The EU takes Poland to court. It doesn’t matter when you, reader, read this. It is a headline that is no longer news and that ranges from mining, to the rule of law to the telecommunications law. One of the most relevant dossiers has to do with Turow mines, which Poland refuses to close despite the ruling of the EU Court of Justice, which last May ordered the precautionary cessation of lignite mining activity while solving the complaint filed by the Czech Republic. Faced with the Polish rebellion, the European Justice has imposed a daily fine of 500,000 euros on Poland until the mine closes. However, the Brussels roadmap of linking the granting of European funds to the respect of fundamental rights, to which Warsaw has systematically imposed itself, is beginning to bear fruit.
Several Polish provinces, which had been a zone free of ‘LGTB ideology’, have backtracked in their declaration adopted in 2019 in the face of the threat of losing their share of the React-EU funds (Recovery aid for cohesion and the territories of Europe ), a package of additional cohesion funds under which Poland has received a total of more than 1,500 million euros. Together, the regions represent almost a quarter of Poland’s population and land area. At the moment, as a result, only one of the five provinces threatened with losing EU funds, Łódź, has maintained its resolution.
Notes From Poland.
Last July, the European Commission initiated a legal appeal against Poland for the rights of the LGTB community and last month it froze the funding of the five Polish regions. The Polish Minister of Justice, Zbigniew Ziobro, had branded these pressures from Brussels as “economic terrorism” urging regional governments not to give in “to the blackmail of the EU”.
“Without the EU, Poland would be like Belarus today”
The first to turn back Swietokrzyskie, a province of 1.2 million inhabitants in southeastern Poland, amended its resolution to another in which it promoted “respect for the centuries-old tradition and culture of Poland” in relation to “equality and fair treatment.”
“I am bisexual. I live in a country where they hate me and don’t like me for who I am. This feeling is horrible, there are people who do not want me here just because of my sexual condition, “the environmental activist and student told Europa Hoy Paulina Pietrzykowska (19 years old), which highlights how after each march in favor of gay rights it is recommended on social networks not to go home alone.
Like her, thousands of young Poles yearn to study abroad, not so much because of their future work but because of their personal situation.

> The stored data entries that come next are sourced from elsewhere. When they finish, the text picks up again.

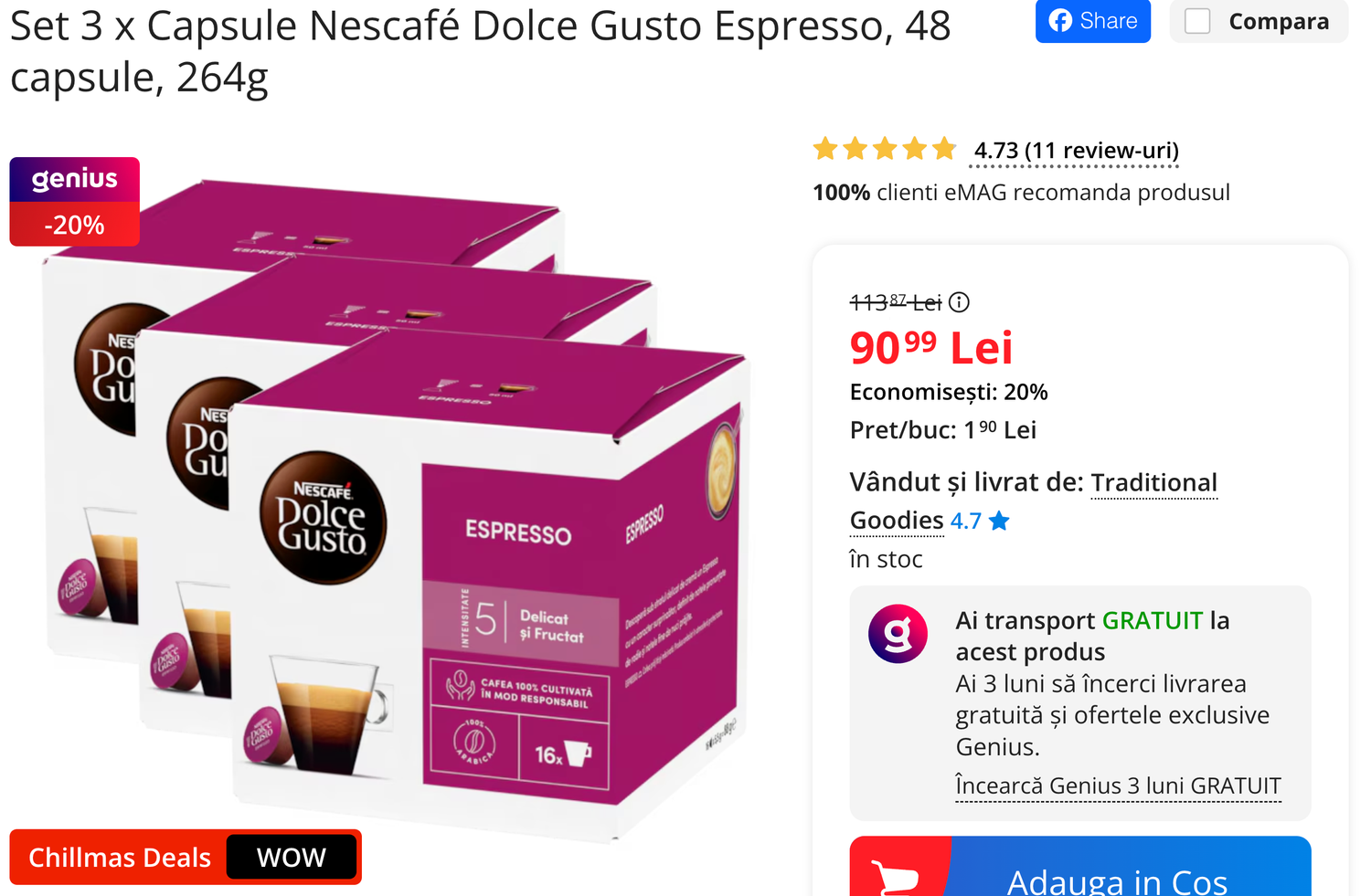 Espresso premium oricand si oriunde cu 1,83 lei per cafea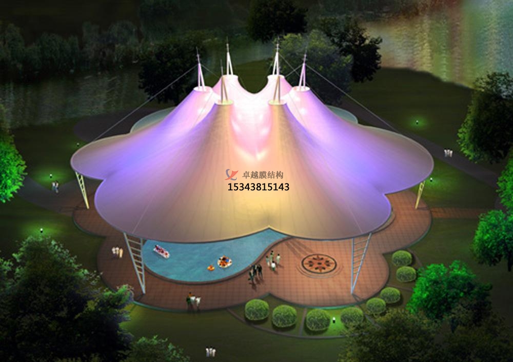 膜結(jié)構(gòu)景觀建筑添加膜的層數(shù)、操控夾層厚度以及必要時在膜層上附重都是進步降噪效果的可用方法。需要仔細考慮膜結(jié)構(gòu)景觀建筑的銜接技術(shù),保證其密閉性,下降通過空氣傳播的噪聲從縫隙中滲人的可能性。要同時保證在果取這些措施時不應(yīng)使建筑物的熱工性能受到影響。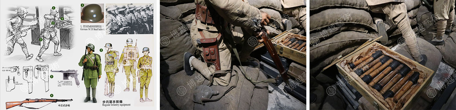 細節是藝術場景的生命與力量。博越藝術團隊在創作初期對史實資料進行了深入研究,把對細節的極致追求,貫穿設計與製作始終。團隊充分考證兵力部署、人員名單、武器裝備等多個細節,真實還原士兵軍裝、鋼盔、中正式步槍、毛瑟手槍、手榴彈等,突顯場景的歷史背景及時代特徵。團隊還充分考慮四行倉庫防禦工事的功能與表現形式,根據多方資料,還原彈藥箱、防禦麻袋、倉庫鐵門等細節,遵循紀念館的真實性原則,以最大程度再現歷史原貌。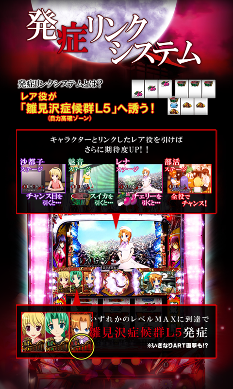 本機はキャラクターとリンクしているレア役の期待度がUPする「発症リンクシステム」と、消化中に惨劇回避率を上乗せするほど継続期待度がアップする惨劇回避型ART「DayBreak RUSH」を大きな特徴としており、惨劇を回避することで継続するARTと、2種類のリアルボーナスによって出玉を増やしていく仕組みとなっているぞ!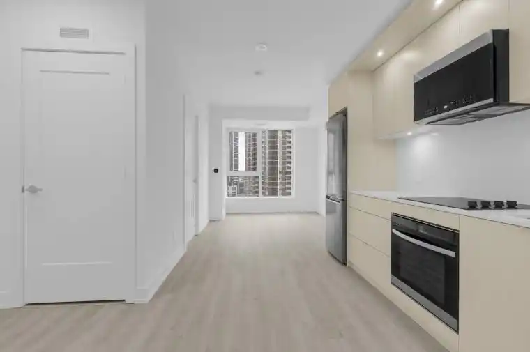 Welcome to Westerly 2 by Tridel, a modern condominium community offering efficient and contemporary living in the heart of Islington-City Centre West. This bright 1-bedroom, 1-bathroom suite offers 478 sq. ft. of thoughtfully designed living space with clean finishes and a functional open-concept layout ideal for urban living. The contemporary kitchen features integrated appliances, sleek flat-panel cabinetry in a light neutral tone, quartz countertops, and under-cabinet lighting. The kitchen flows seamlessly into the combined living and dining area, where wide-plank flooring and a large window bring in excellent natural light and provide a comfortable space for everyday living. The bedroom is well-proportioned with a large window and generous closet space, while the modern 4-piece bathroom showcases full-height tilework, a deep soaker tub with tiled surround, chrome fixtures, and a sleek vanity with integrated lighting. In-suite laundry is conveniently tucked into a dedicated closet just off the main living area. One parking space is included for added convenience. Residents of Westerly 2 enjoy access to an impressive collection of amenities including a fitness centre, yoga studio, co-working lounge, party room, kids’ zone, outdoor terrace, and 24-hour concierge. Ideally located steps to Islington Subway Station, grocery stores, parks, dining, and everyday conveniences, this suite offers comfortable, well-connected living in a desirable Etobicoke neighbourhood.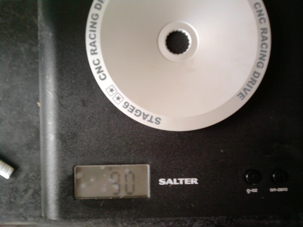 Did a write up myself about these: Stock - 261g Malossi MHR - 99g (http://scooterbits.co.uk/product/Ma...c_Front_Pulley_-_Without_Electric_Start_Gear/) Stage6 - 90g At first glance it would appear the Stage6 is the winner, in weight terms anyway. However, it is the only one without cooling fins, so I added the one off the old drive face (does work, done it myself) and weighed it again - 111g: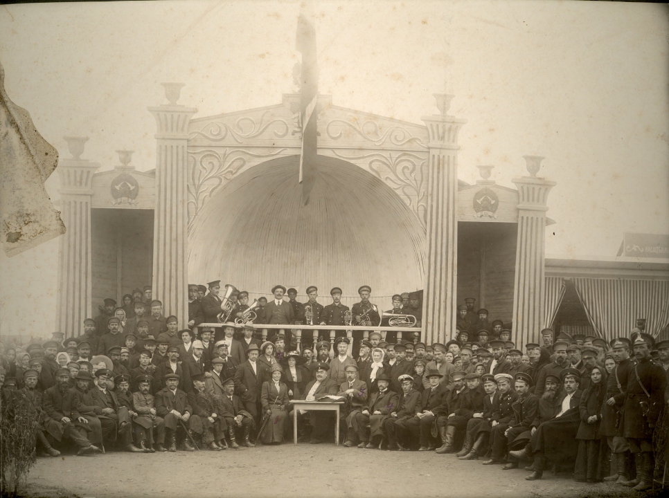 Группа лиц на открытии Мологской Уездной сельскохозяйственной выставки 1912 года.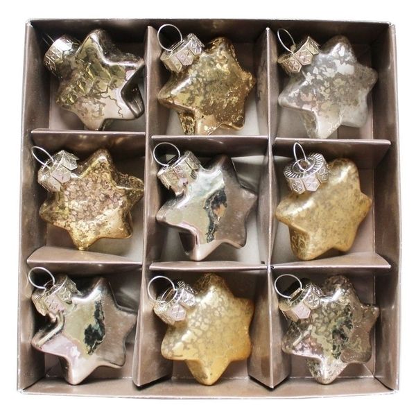 Jemné skleněné hvězdičky s antikovou patinou v kombinaci zlatých a stříbrných tónů dodají vašemu vánočnímu stromku i interiéru nádech elegance a nostalgie. Každá hvězdička je originál s drobnými nepravidelnostmi, které podtrhují ruční zpracování a starobylý vzhled.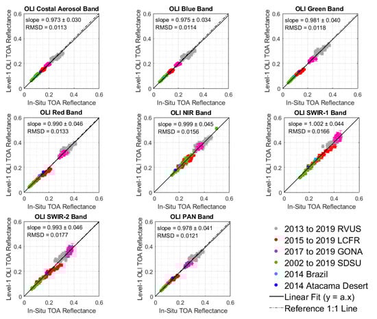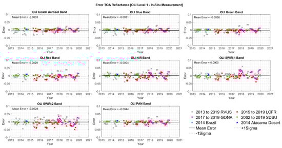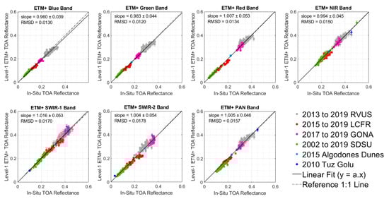 5.1. Landsat-7 and Landsat-8 Level-1 Data Product Evaluation Results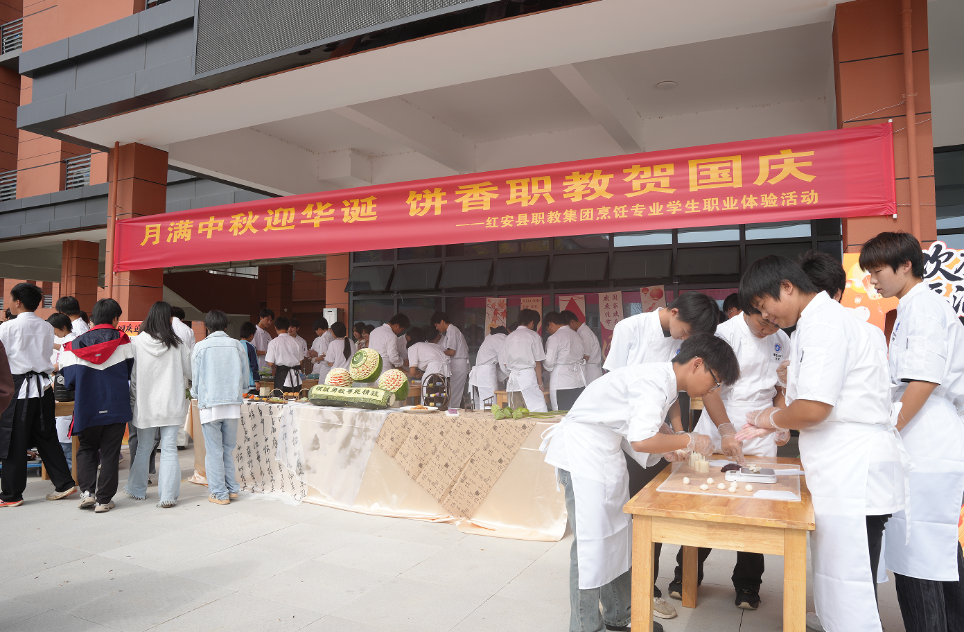中秋国庆双节将至,9月29日,红安县职教集团组织烹饪专业学生开展“月满中秋迎华诞,饼香职教迎国庆”主题活动,让学生在劳动实践中提升技能、传承文化,表达对祖国的美好祝福。

So and everything, so much for Paulina as for your partner Kate they breathe relieved that their country is part of the European Union. “The EU is very important to us because of the idea that although Poland has its borders, it is part of a larger project,” says Paulina. Kasia is more direct: “If we were not in the EU, Poland would follow in the footsteps of its neighboring Russian neighbors: Belarus and Ukraine. We would be much more behind.
Since the beginning of 2019, in Poland there have been more than 80 cases in which regions, counties or municipalities have passed resolutions declaring themselves free from the so-called ‘LGBT ideology’, or have adopted ‘Regional charters of family rights’ or Discriminatory provisions for single parent and LGBTI families.
What is at stake in the conflict is money from EU funds. This is happening at a time when the European Parliament has adopted a resolution calling for the acceptance of same-sex couples and marriage throughout the European Union.
In another statement on September 14, this one on the rights of Lgtbiq people in the EU (adopted with 387 votes in favor, 161 against and 123 abstentions), the European Parliament defended that Europeans should be able to fully exercise their rights, including the right to free movement throughout the Union. The resolution establishes that registered marriages or unions formed in a member state must be recognized in all of them in a uniform way, and spouses and partners of the same sex must receive the same treatment as those of the opposite sex.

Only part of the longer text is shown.